* BRIEF:
Please print every record below exactly as written, leaving out the pictures.

Data excerpts
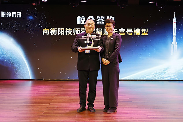 活动伊始,全体人员观看了航天主题宣传视频,回顾我国航天事业的辉煌成就。现场,学院与上海银领智造科技有限公司签署校企合作协议,周少良与企业代表王红峰共同签约,王澜代表学院接受企业捐赠的“天宫号”模型。
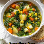 A comforting and healthy vegetable soup packed with seasoned vegetables, kale, peas, and fresh herbs simmered in a flavorful broth. Perfect for a cozy meal that is vibrant and nourishing.
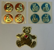 Lot of 9 Vintage Stickers Teddy Bears Gold Foil Embossed Sticker
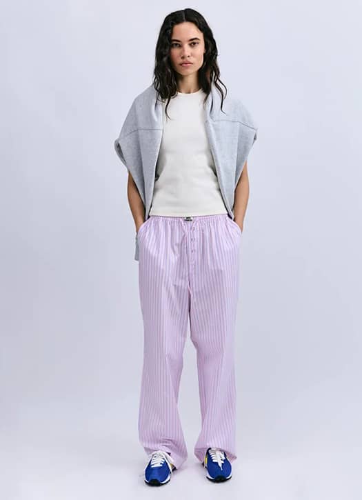 L’une des pièces les plus confortables du homewear, c’est évidemment le pantalon oversize en coton. Et celui de chez Love Stories est rose bonbon à rayures bleues et se porte avec un t-shirt un peu loose tout en gardant quand même une vraie allure. Résultat ? Même en descendant chercher la baguette le week-end, la boulangère se dira que vous avez le look, coco.
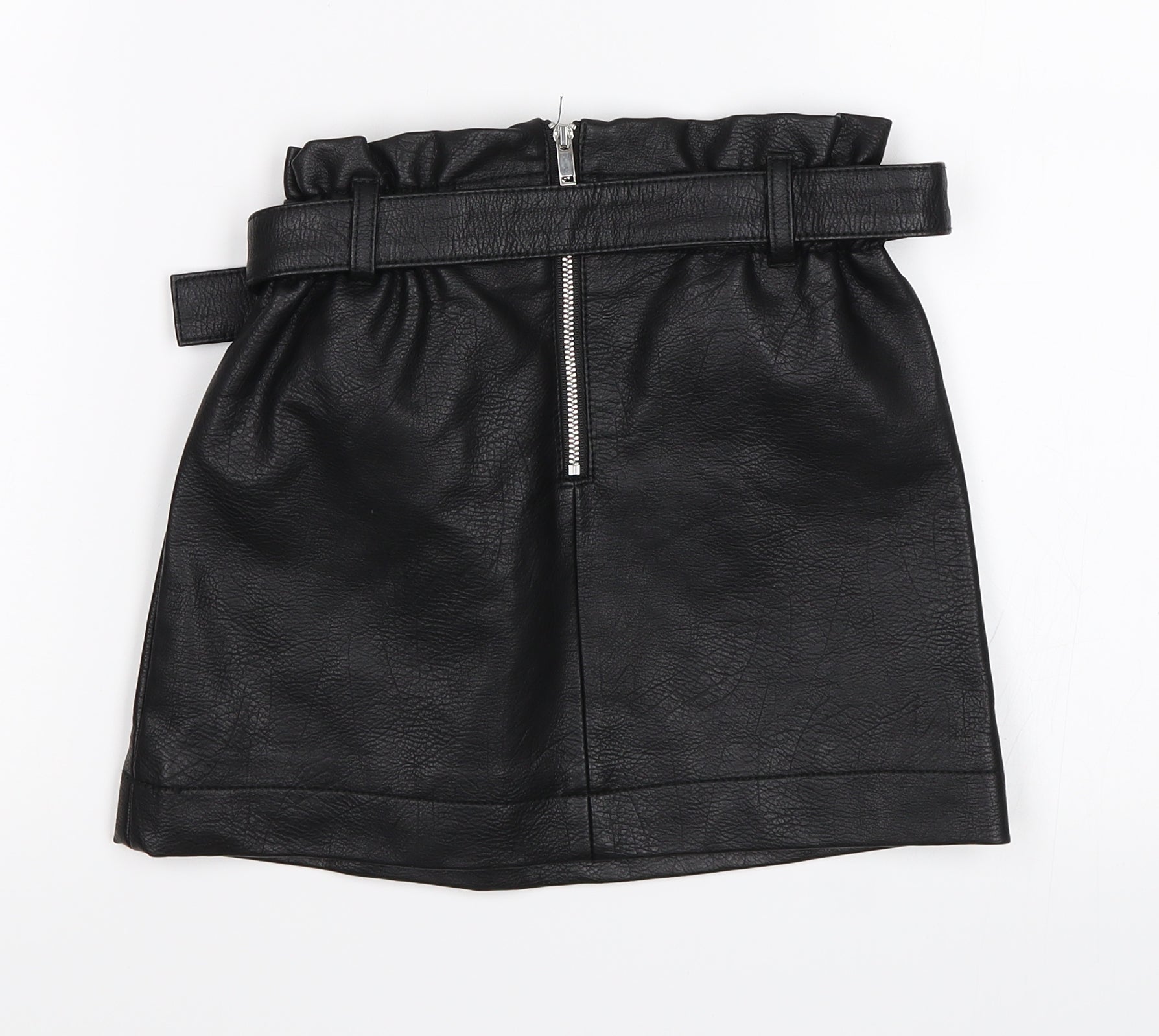 River Island Girls Black Polyester Mini Skirt Size 6 Years Regular Zip
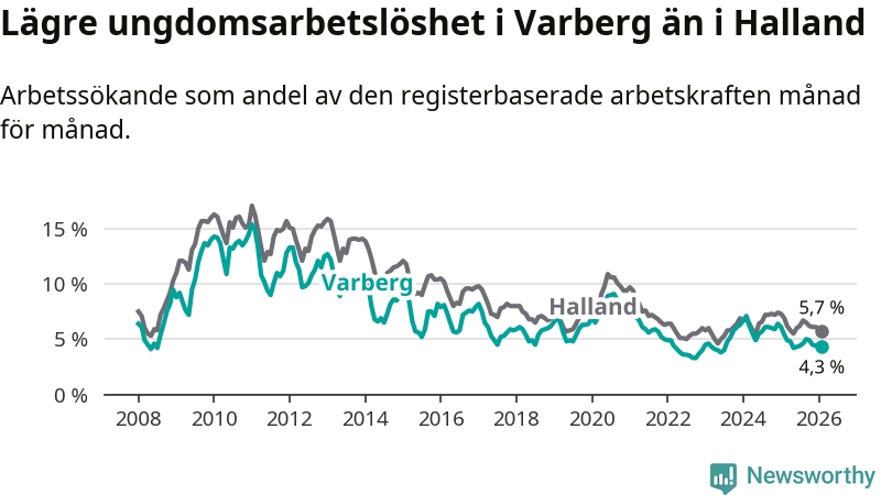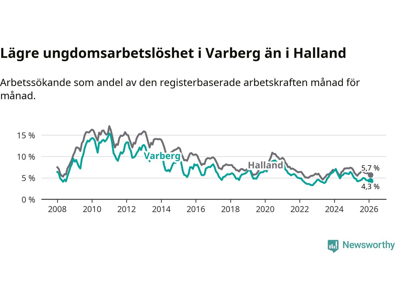 Precis som den totala arbetslösheten ligger ungdomsarbetslösheten i Varberg lägre än i Halland som helhet. Skillnaden mellan kommunen och länet är 1,4 procentenheter.
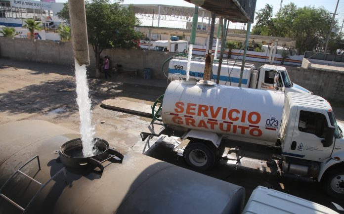 Ciudad Juárez, Chih. (ADN / Martín Orquiz) – Cada semana, personal de la Junta Muni9ciápmde Agua y Saneamiento (JMAS), entrega 1 mil 850 metros cúbicos, que equivalen a 1 millón 850 mil litros, de agua a la zona denominada los kilómetros, polígono comprendido por 18 colonias sobre la carretera a Casas Grandes.

* OUTPUT BELOW:
 活动伊始,全体人员观看了航天主题宣传视频,回顾我国航天事业的辉煌成就。现场,学院与上海银领智造科技有限公司签署校企合作协议,周少良与企业代表王红峰共同签约,王澜代表学院接受企业捐赠的“天宫号”模型。
 A comforting and healthy vegetable soup packed with seasoned vegetables, kale, peas, and fresh herbs simmered in a flavorful broth. Perfect for a cozy meal that is vibrant and nourishing.
 Lot of 9 Vintage Stickers Teddy Bears Gold Foil Embossed Sticker
 L’une des pièces les plus confortables du homewear, c’est évidemment le pantalon oversize en coton. Et celui de chez Love Stories est rose bonbon à rayures bleues et se porte avec un t-shirt un peu loose tout en gardant quand même une vraie allure. Résultat ? Même en descendant chercher la baguette le week-end, la boulangère se dira que vous avez le look, coco.
 River Island Girls Black Polyester Mini Skirt Size 6 Years Regular Zip
 Precis som den totala arbetslösheten ligger ungdomsarbetslösheten i Varberg lägre än i Halland som helhet. Skillnaden mellan kommunen och länet är 1,4 procentenheter.
 Ciudad Juárez, Chih. (ADN / Martín Orquiz) – Cada semana, personal de la Junta Muni9ciápmde Agua y Saneamiento (JMAS), entrega 1 mil 850 metros cúbicos, que equivalen a 1 millón 850 mil litros, de agua a la zona denominada los kilómetros, polígono comprendido por 18 colonias sobre la carretera a Casas Grandes.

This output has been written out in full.